At any rate, we shall continue to endeavor to persevere, shall we not?
> Your reasoning is perfectly right, as long as the size of the generators is small with respect to the total grid
> capacity. Continental systems are huge, so a 1250MW generator will only supply a very small percentage of the total
> demand. Changing its output will have a minimal effect on the system frequency.
This is the thing that many people can't put in perspective. The size you are referring to is inertia. Physical size is only a part of inertia. Inertia or mass moment of inertia is
Inertia= mass X radius of gyration^2
Without putting inertia in grid operations the only possible way to explain how a grid works is by assuming "all generators in parallel are locked into synchronism". This assumption is perfectly right to use in majority of cases. But definitely it will bring big problem if we want to design a power system from scratch or if we want to perform dynamic stability study.
I give an example inertia at works. Assuming a US grid system says 2,500,000 MW. When the system is rotating at 60Hz, its inertial could be around 2 X 10^4GJ. If a 1000MW unit trips off, the rate of frequency decay becomes
Rate of decay = 60/((2 X 10^13Joule/(1000*10^6))
=0.003Hz/second (0.2Hz in 100 seconds)
So if any person stays in USA, Canada, Japan, etc tries to learn the grid system from his system alone, there is greater chance he or she misses the what so called mass moment of inertia.
Not all countries as lucky as the USA, Canada and Japan to have "an infinite grid system". My country is not an exception.
Your explanation is good. However there is a grey area wherein you talk about the additional torque being converted to Amps. It is the only possible result when the speed of the synchronous generator is held constant and if you try to increase the torque.

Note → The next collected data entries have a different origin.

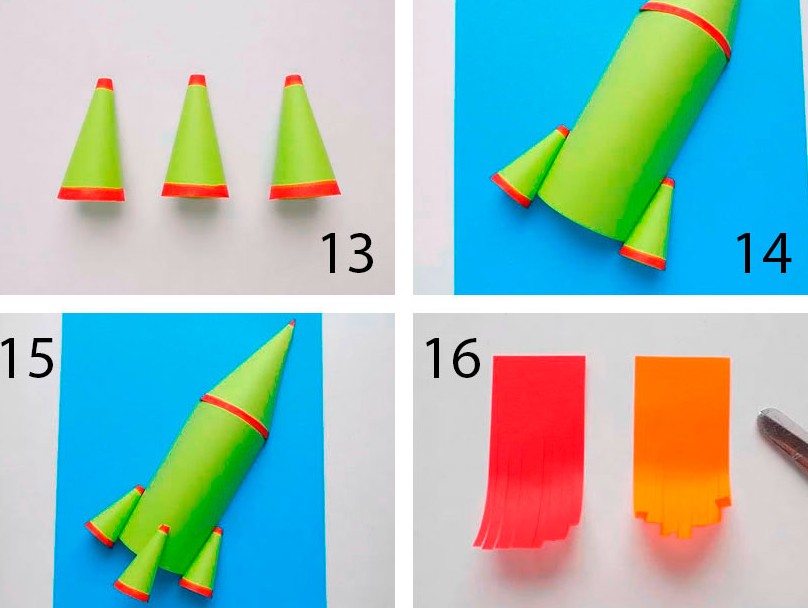 - Приклейте оранжевый прямоугольник сверху красного, сверните и приклейте внутрь стабилизатора (конуса) в качестве огня.
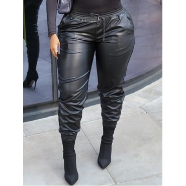 Lovely Casual High-waisted Drawstring Black Plus Size Pants
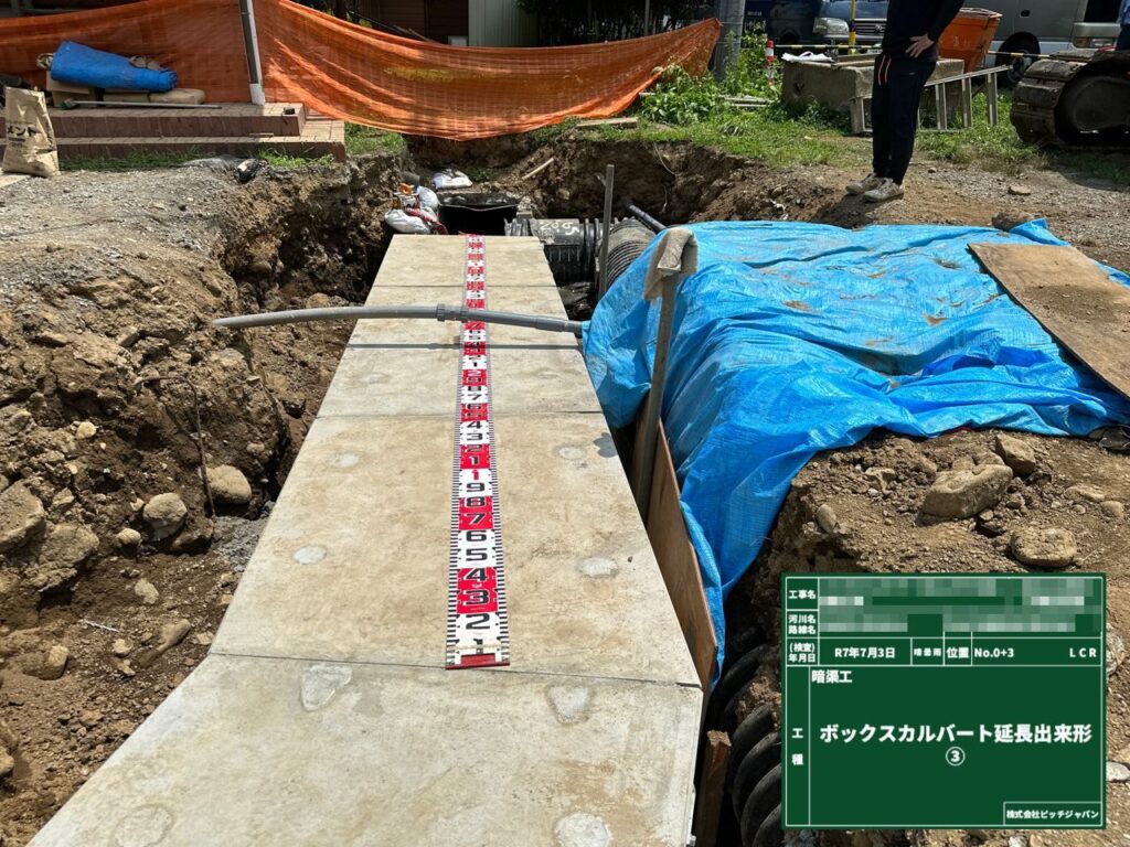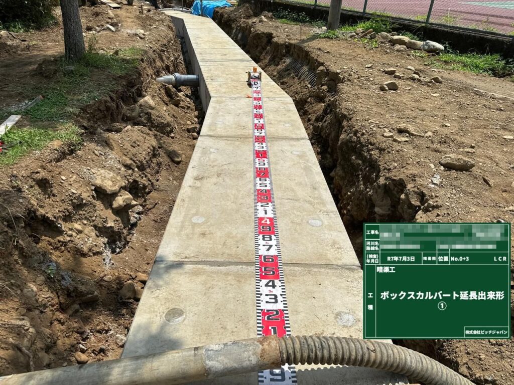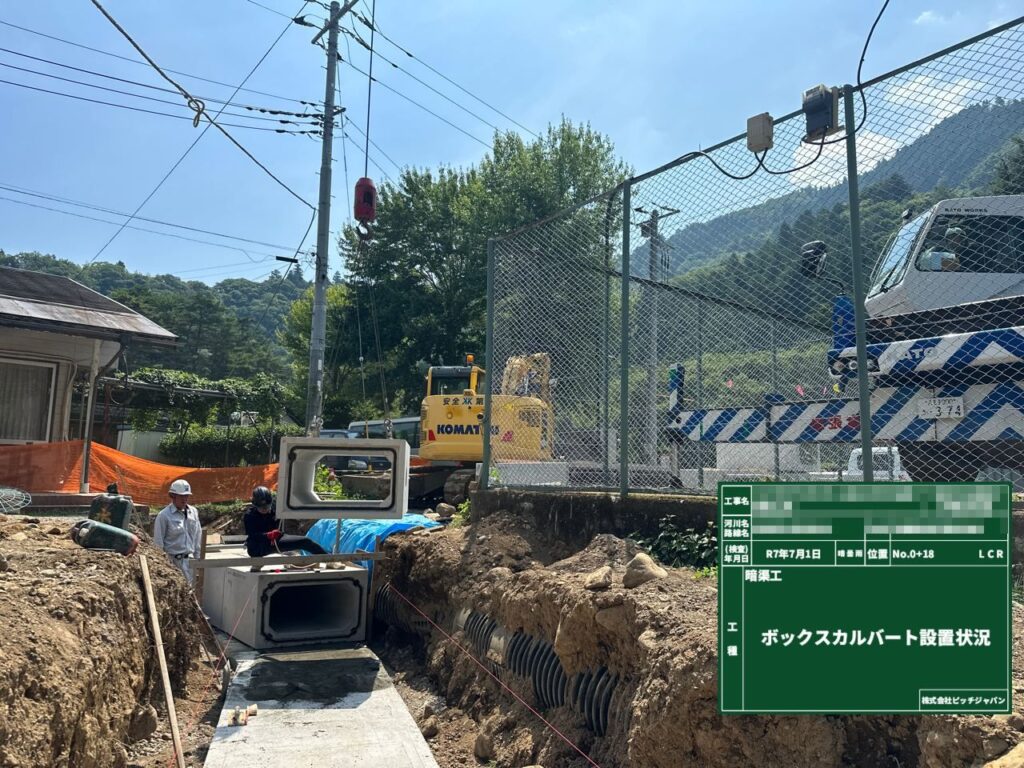 ボックスカルバート設置工事 2025 8/23 2025年8月23日 公共工事 関連記事 下水道工事(主な工種:本管・汚水桝・マンホール工・舗装復旧) 水路補修工事 林道歩道整備工事 交差点道路改良工事 護岸補修工事(主な工種:間知ブロック積工・かごマット工) ダム断面修復工事 汚水ます設置工事 市道舗装修繕工事
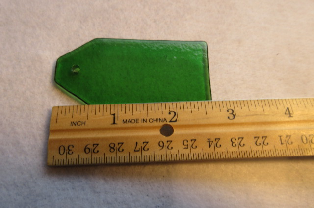 Glass tag. Literally a tag made of glass. Smooth edges and rippled on the bottom, glossy flat on top, this picture shows the bottom. I have them in several sizes, colors and shapes to still list.
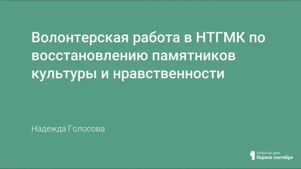 Описание аспектов волонтерской работы в Нижнетагильском горно-металлургическом колледже по восстановлению памятников культуры и нравственности. Работа православной направленности.
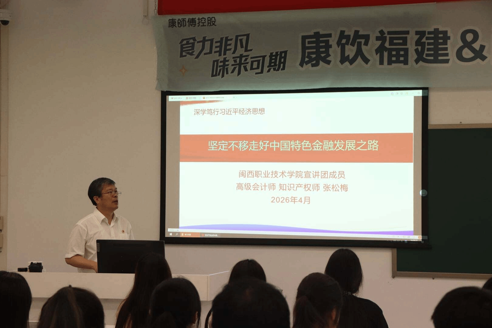 为深入推动习近平经济思想进教材进课堂进头脑,4月21日下午,校宣讲团成员、校离退休党总支第一支部党员、高级会计师、知识产权师张松梅在万源楼实训室E为财经商贸学院学生开设学习宣传习近平经济思想专题系列讲座。财经商贸学院团委负责人、入党积极分子、青马班学员、2024级和2025级团员学生代表参加系列宣讲活动。宣讲活动由校宣传部(统战部)联合财经商贸学院党委、马克思主义学院共同主办,校离退休党总支联合承办。

Can you try to explain the transfer of torque to amps.
Electrical machines (motors and generators) are devices for converting electrical power into mechanical power (motors) and converting mechanical power into electrical power (generators).
There is virtually no difference between a motor and a generator. In fact, in some applications the electrical machine is used as both a motor and a generator. The difference is whether or not torque is being produced by the electrical machine (in this case it's a motor), or whether the machine is converting torque into electrical power (in this case it's a generator).
That's what generators do: They convert torque into amps. Motors convert amps into torque. Wires connect motors to generators. So, in effect, the torque being produced by the prime mover (turbine; reciprocating engine; etc.) is supplying the torque that the motors connected to it are supplying to their loads--through the wires that connect the motors to the generators.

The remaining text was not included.